Step2: Search of Geospatial Data
The search of data is not an easy task because there is no unique Geospatial Data Discovery Portal or “georepository” to find all the available geospatial data and this, despite the efforts of national spatial data infrastructures. Before beginning the search, it is necessary to have in mind the results of the previously completed needs assessment step (see my previous post) which corresponds to:
- what are we searching for, the semantics of objects → the What,
- the spatial extent → the Where,
- the temporal extent → the When,
- the analysis and usages → the Why, which will allow to precisely define the relevant What and to define How the data must be structured,
- the kind of document needed (vector, raster, DTM, etc.), the ranges of scales or spatial resolution and temporal resolution used in the data production, the coordinates system, data format, desired quality criteria, … → How is the data,
- Available Human and monetary resources → the Means.
- What: Criterion which directs us toward a particular portal in the event of very specific searches themes like: standing forest or type of soil. For more generic themes, like roads and hydrography, virtually all portals will describe this kind of data. Most of the portals use thesaurus (synonyms and parent/child terms lists) which facilitate the What search.
- Where: Criterion which helps to identify the search portals. For example, for a worldwide coverage, the Natural Earth portal offers free geospatial datasets on many themes. This portal replaces the data server Digital Chart of the World which content is not up-to-date. For a Canadian coverage, Canadian Geospatial Data Infrastructure (CGDI) is a doorway to about 700 vector and raster datasets available in different formats. At the Quebec provincial level, the Québec géographique portal shows all the maps, atlas and geospatial data products available on the Quebec government departments and other governmental organisations. Geospatial data can also be found in private companies like NAVTEQ (world coverage) and DMTI (Canadian coverage) which sell them. The Where can be interrogated by location keywords, by coordinates, by map number or by defining a region on a map.
- When: Easily identifiable criterion in raster datasets which represent the territory state at a specific date or a range of specific dates in the case of several images. It is the same with most large scale datasets for which the data acquisition was done over a small period of time. On the other hand, for small scale datasets covering a large spatial coverage like National road network (NRN on Geobase), the temporal coverage for the complete dataset may be very large (presently from 2003 to 2011 for the NRN). In this case, the When is very dependent of the Where, the What and the How, i.e. which will vary from one place to another, according to the data layer and the data acquisition technic used (remote sensing imagery, aerial photography, ground survey, etc.). In these conditions, the When will have to be analysed in more detail. It is not always possible to search data using the When in GeoPortals; the search of historical data may be laborious.
- How: The How is composed of many criteria. Most are easy to identify and are part of search criteria (document type, production scale), as some others vary according to time and space (spatial accuracy, completeness, thematic accuracy) and will have to be analysed in more details in the next steps in order to insure that they meet the requirements.
- Monetary resource: Some portals promote themselves as free data sources like GeoGratis and Open Street map. Others, like CGDI and Statistics Canada, allow to easily differentiating which data is free from data you will have to pay for. The Géoboutique Québec sells data like private companies. We also find geospatial data in some provincial government departments and municipalities but most of them do not distribute information on their data and do not have portals which allow discovering the data. It is necessary to contact them to find out if the data can be distributed and, if yes, if there is a cost associated.
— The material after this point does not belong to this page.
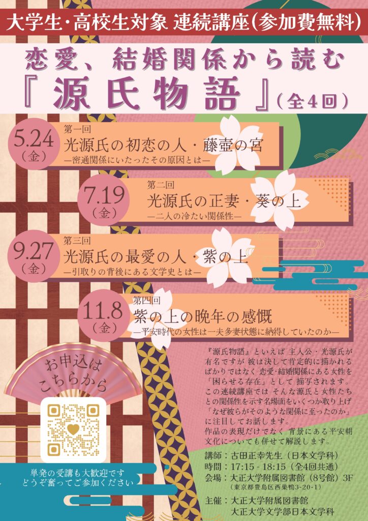 【大正大学附属図書館企画】恋愛、結婚関係から読む『源氏物語』のお知らせ【日本文学科】
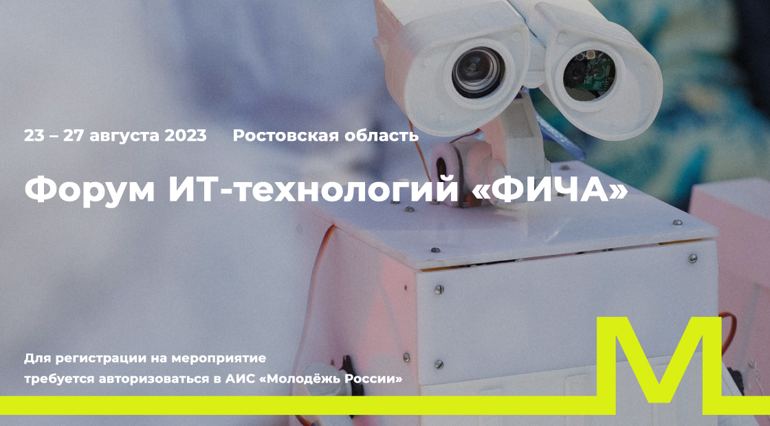 С 23 по 27 августа 2023 года на территории Ростовской области пройдёт Всероссийский молодёжный форум ИТ-технологий «ФИЧА».

The risk of data misuses is not well known today and data producers are careful about distributing their data as it could have liability impact.
Following this research, it is now necessary to analyse in more detail the datasets that was selected to insure that they meet the requirements. For geospatial datasets that we acquired at a cost, it is often possible to get a dataset sample. The What will be analysed in more detail in Step 3, in my next GeoPost on How to select the best Geospatial Data in 5 steps? – Content assessment of selected datasets and the How ant the Why will be step 4: Data quality assessment.